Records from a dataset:
○ ○ ○ ○
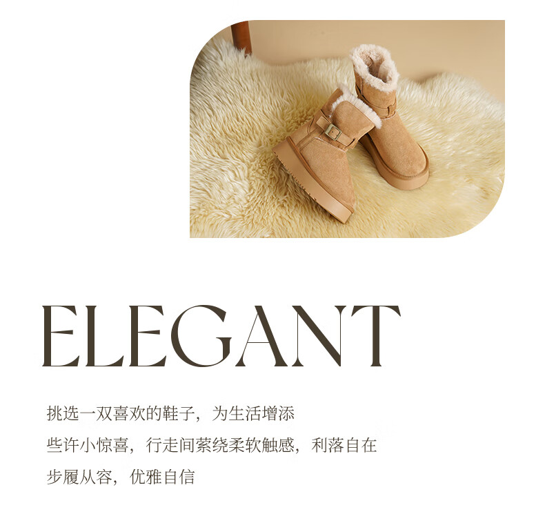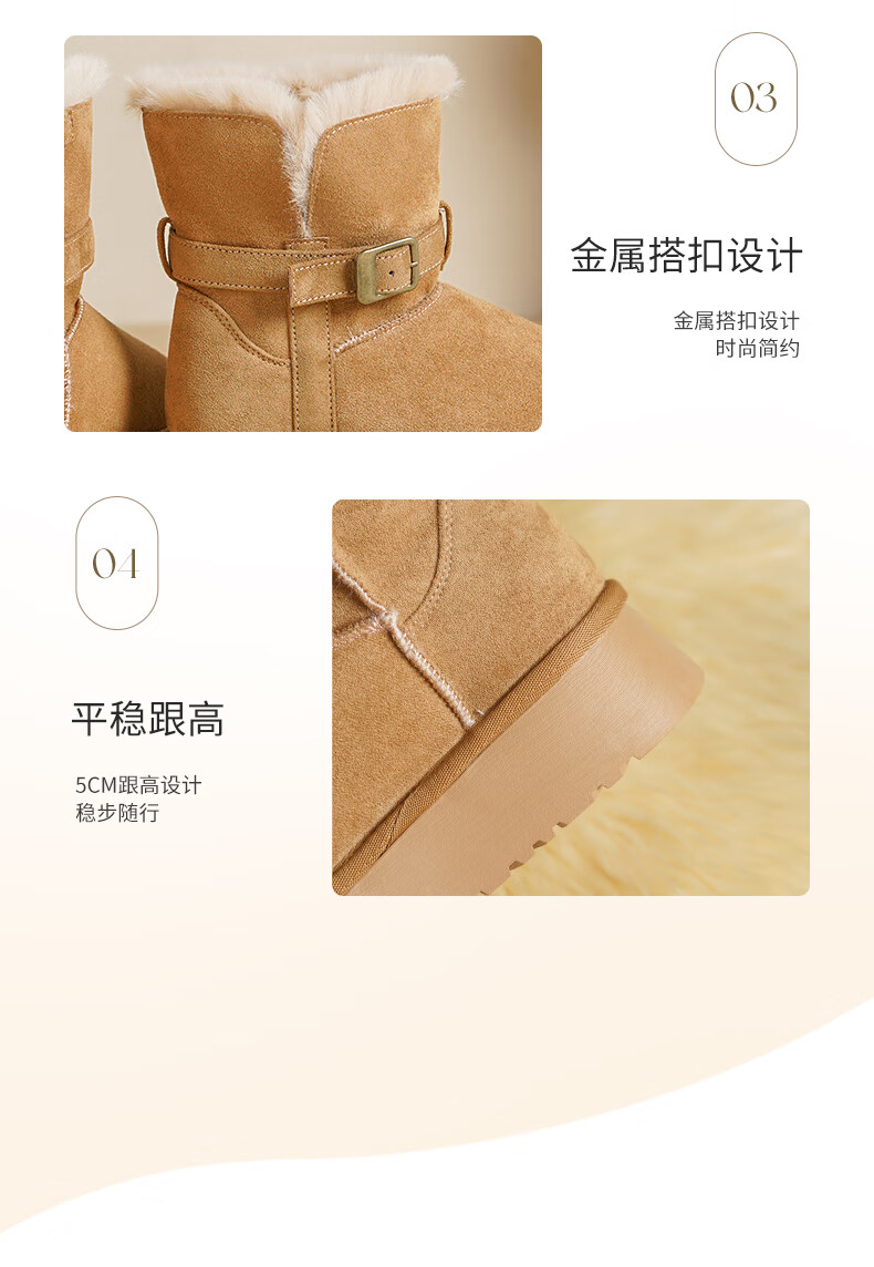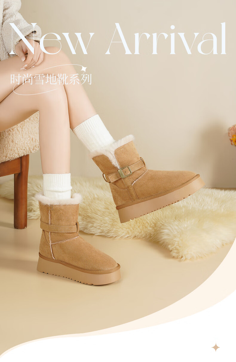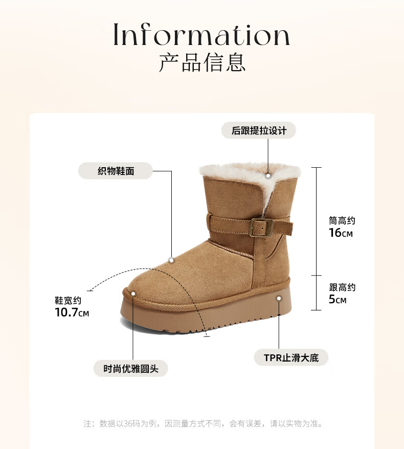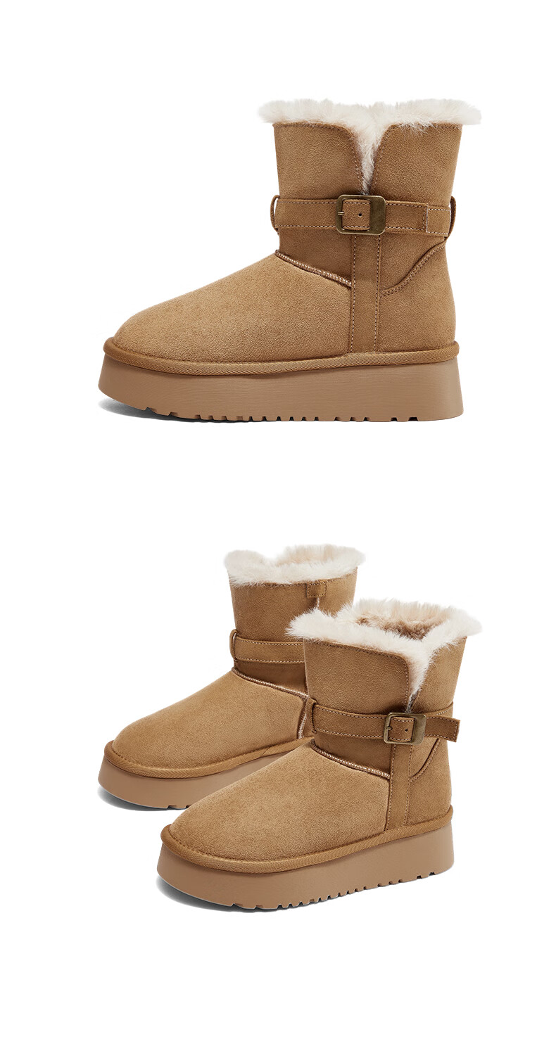 Daphne official thick-soled snow boots for women 2025 winter new velvet warm short boots for women to increase height and cold-proof northeastern cotton shoes khaki color folded two-wear 5cm thick sole 37
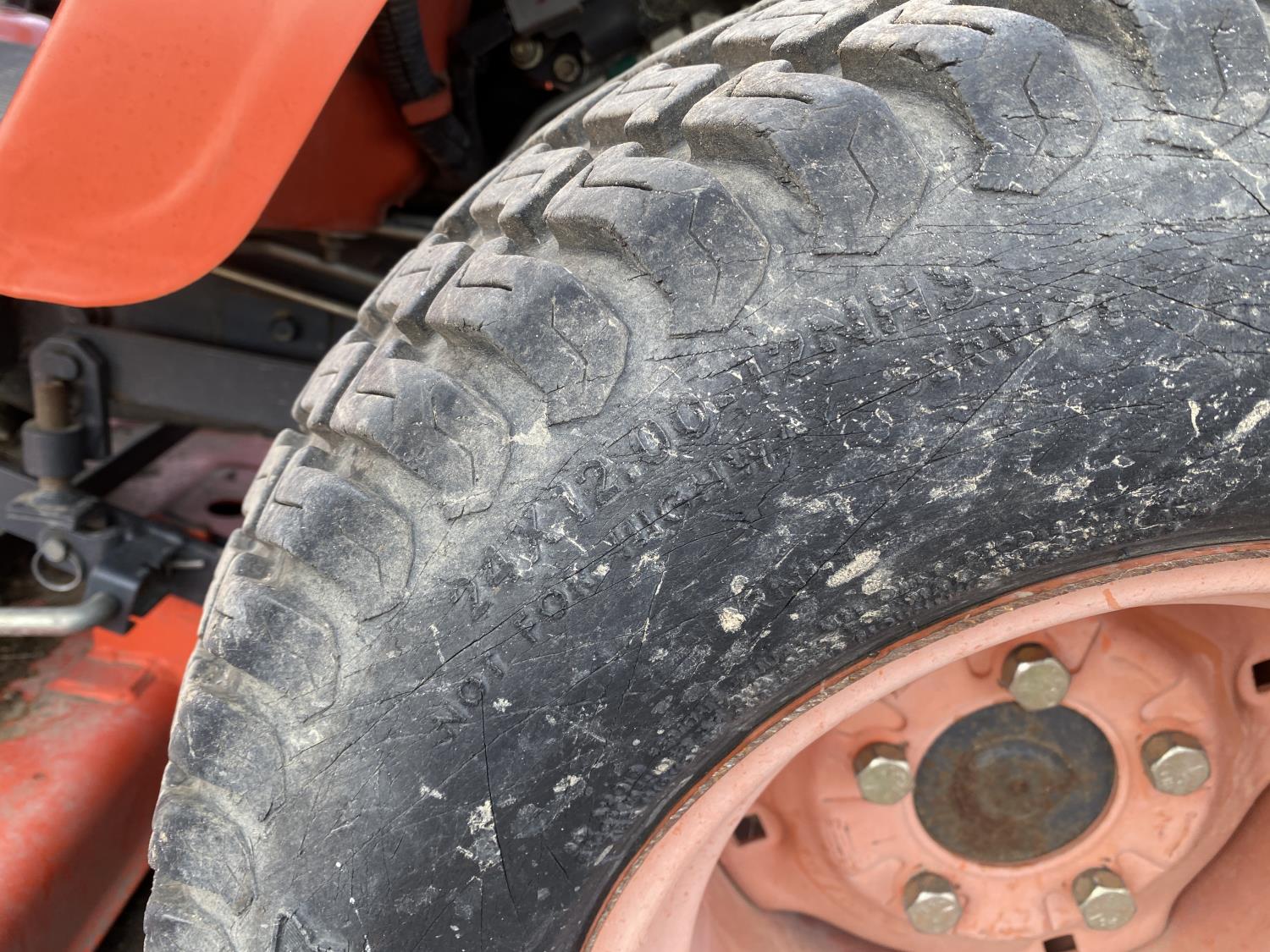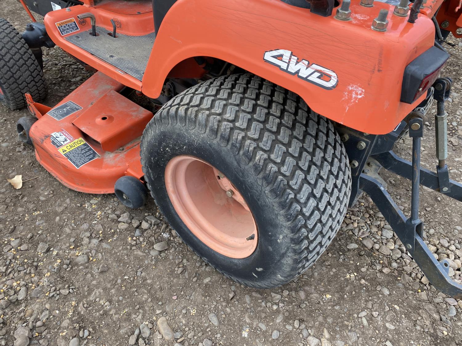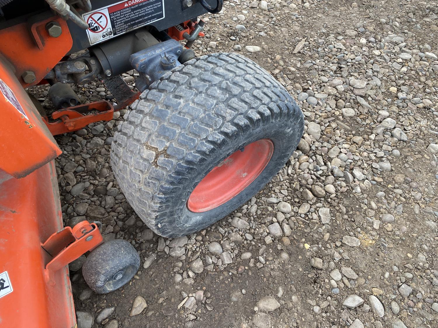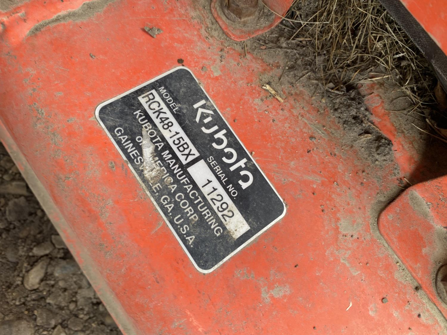 Kubota 0.6L 2-cylinder diesel engine, RCK48-15BX mower, 3 PT hitch, 540 PTO, 6 front weights, front loader hydraulics, 16x7.50-8 front tires, 24x12-12 rear tires
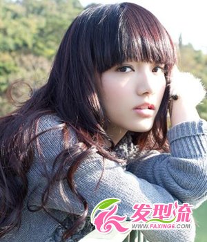 清新长卷发 平刘海,很好地修饰了稍长的脸型,瞬间瘦脸,也把MM的甜美可爱完全展现出来。搭配好看的长卷发,更显小脸效果。淡淡的酒红色发色,在阳光下更显耀眼迷人。立马呈现清新可人的邻家女孩形象,令人倾心。
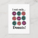 Donuts Ich esse nur Donuts Business Card Original Design von Nisha Prabhu. Vollständig anpassbar. Personalisieren Sie Ihre Daten. Fügen Sie Ihrem beruflichen Leben einen Sprinkle der Persönlichkeit hinzu mit unserer aufschlussreichen Visitenkarte, die Ihre Leidenschaft für die beliebte Leckerei aller perfekt einfängt - Donuts! Diese Karte wurde für den Donut-Liebhaber konzipiert, der seriöses Business bedeutet. Sie zeichnet sich durch ein skurriles und unterhaltsames Design aus, das Ihre Liebe für diese köstlichen Köstlichkeiten präsentiert. Eine spielerische Illustration, die mit anderen Donut-Enthusiasten auftaucht. Egal, ob Sie ein Food Blogger, ein Bäcker oder einfach nur ein Donut-Liebhaber sind, diese Visitenkarte ist die perfekte Art, süße Verbindungen herzustellen. Lass allen, dass du nicht nur im Geschäft mit Donuts bist - du lebst für sie!
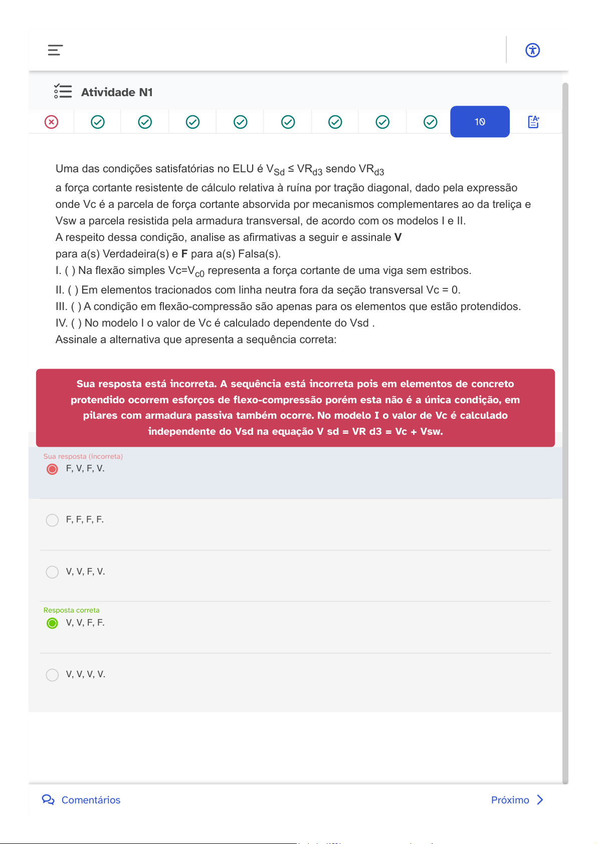 Atividade N1 Uma das condições satisfatórias no ELU é VSd ≤ VRd3 sendo VRd3 a força cortante resistente de cálculo relativa à ruína por tração diagonal, dado pela expressão onde Vc é a parcela de força cortante absorvida por mecanismos complementares ao da treliça e Vsw a parcela resistida pela armadura transversal, de acordo com os modelos I e II. A respeito dessa condição, analise as afirmativas a seguir e assinale V para a(s) Verdadeira(s) e F para a(s) Falsa(s). I. ( ) Na flexão simples Vc=Vc0 representa a força cortante de uma viga sem estribos. II. ( ) Em elementos tracionados com linha neutra fora da seção transversal Vc = 0. III. ( ) A condição em flexão-compressão são apenas para os elementos que estão protendidos. IV. ( ) No modelo I o valor de Vc é calculado dependente do Vsd . Assinale a alternativa que apresenta a sequência correta: Sua resposta está incorreta. A sequência está incorreta pois em elementos de concreto protendido ocorrem esforços de flexo-compressão porém esta não é a única condição, em pilares com armadura passiva também ocorre. No modelo I o valor de Vc é calculado independente do Vsd na equação V sd = VR d3 = Vc + Vsw. F, V, F, V. Sua resposta (incorreta) F, F, F, F. V, V, F, V. V, V, F, F. Resposta correta V, V, V, V. 10 Próximo Comentários
○ ○ ○ ○
- **TO DO**
Output each record precisely as it appears, and drop every picture.

- **OUTPUT OF THE EXERCISE**
 Daphne official thick-soled snow boots for women 2025 winter new velvet warm short boots for women to increase height and cold-proof northeastern cotton shoes khaki color folded two-wear 5cm thick sole 37
 Kubota 0.6L 2-cylinder diesel engine, RCK48-15BX mower, 3 PT hitch, 540 PTO, 6 front weights, front loader hydraulics, 16x7.50-8 front tires, 24x12-12 rear tires
 清新长卷发 平刘海,很好地修饰了稍长的脸型,瞬间瘦脸,也把MM的甜美可爱完全展现出来。搭配好看的长卷发,更显小脸效果。淡淡的酒红色发色,在阳光下更显耀眼迷人。立马呈现清新可人的邻家女孩形象,令人倾心。
 Donuts Ich esse nur Donuts Business Card Original Design von Nisha Prabhu. Vollständig anpassbar. Personalisieren Sie Ihre Daten. Fügen Sie Ihrem beruflichen Leben einen Sprinkle der Persönlichkeit hinzu mit unserer aufschlussreichen Visitenkarte, die Ihre Leidenschaft für die beliebte Leckerei aller perfekt einfängt - Donuts! Diese Karte wurde für den Donut-Liebhaber konzipiert, der seriöses Business bedeutet. Sie zeichnet sich durch ein skurriles und unterhaltsames Design aus, das Ihre Liebe für diese köstlichen Köstlichkeiten präsentiert. Eine spielerische Illustration, die mit anderen Donut-Enthusiasten auftaucht. Egal, ob Sie ein Food Blogger, ein Bäcker oder einfach nur ein Donut-Liebhaber sind, diese Visitenkarte ist die perfekte Art, süße Verbindungen herzustellen. Lass allen, dass du nicht nur im Geschäft mit Donuts bist - du lebst für sie!
 Atividade N1 Uma das condições satisfatórias no ELU é VSd ≤ VRd3 sendo VRd3 a força cortante resistente de cálculo relativa à ruína por tração diagonal, dado pela expressão onde Vc é a parcela de força cortante absorvida por mecanismos complementares ao da treliça e Vsw a parcela resistida pela armadura transversal, de acordo com os modelos I e II. A respeito dessa condição, analise as afirmativas a seguir e assinale V para a(s) Verdadeira(s) e F para a(s) Falsa(s). I. ( ) Na flexão simples Vc=Vc0 representa a força cortante de uma viga sem estribos. II. ( ) Em elementos tracionados com linha neutra fora da seção transversal Vc = 0. III. ( ) A condição em flexão-compressão são apenas para os elementos que estão protendidos. IV. ( ) No modelo I o valor de Vc é calculado dependente do Vsd . Assinale a alternativa que apresenta a sequência correta: Sua resposta está incorreta. A sequência está incorreta pois em elementos de concreto protendido ocorrem esforços de flexo-compressão porém esta não é a única condição, em pilares com armadura passiva também ocorre. No modelo I o valor de Vc é calculado independente do Vsd na equação V sd = VR d3 = Vc + Vsw. F, V, F, V. Sua resposta (incorreta) F, F, F, F. V, V, F, V. V, V, F, F. Resposta correta V, V, V, V. 10 Próximo Comentários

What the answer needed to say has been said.